++++ MATERIAL PROVIDED
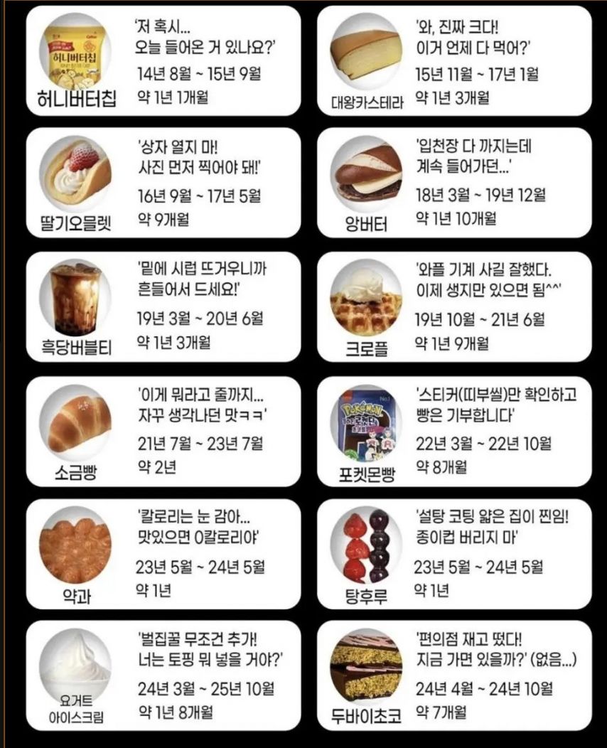 [유머] K-디저트 유행기간 정리.jpg [댓글수 1]
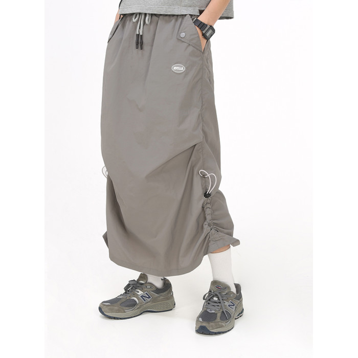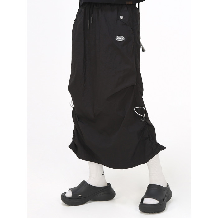 嬉遊記原創2025夏季新款設計感堆堆褶皺半身裙女防潑水開叉工裝裙
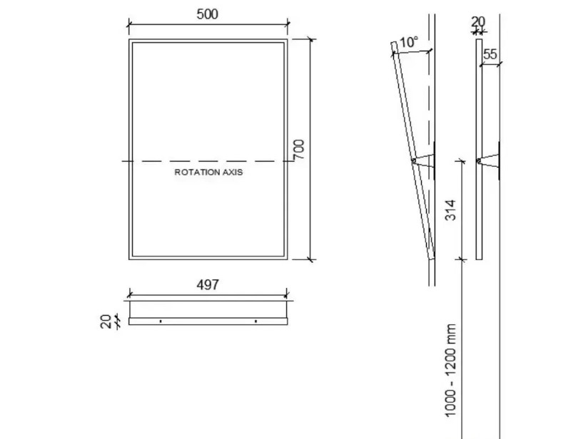 Зеркало Nofer 08023.S — специальное решение для адаптированных санузлов: имеет наклонный механизм, позволяющий изменять угол обзора, поэтому пользователи на инвалидных колясках или сидящие могут комфортно пользоваться им без ограничений.
++++++++
* [TASK]:
The expected output is the full material above, word for word, without pictures.

* [FINISHED EXERCISE]:
 [유머] K-디저트 유행기간 정리.jpg [댓글수 1]
 嬉遊記原創2025夏季新款設計感堆堆褶皺半身裙女防潑水開叉工裝裙
 Зеркало Nofer 08023.S — специальное решение для адаптированных санузлов: имеет наклонный механизм, позволяющий изменять угол обзора, поэтому пользователи на инвалидных колясках или сидящие могут комфортно пользоваться им без ограничений.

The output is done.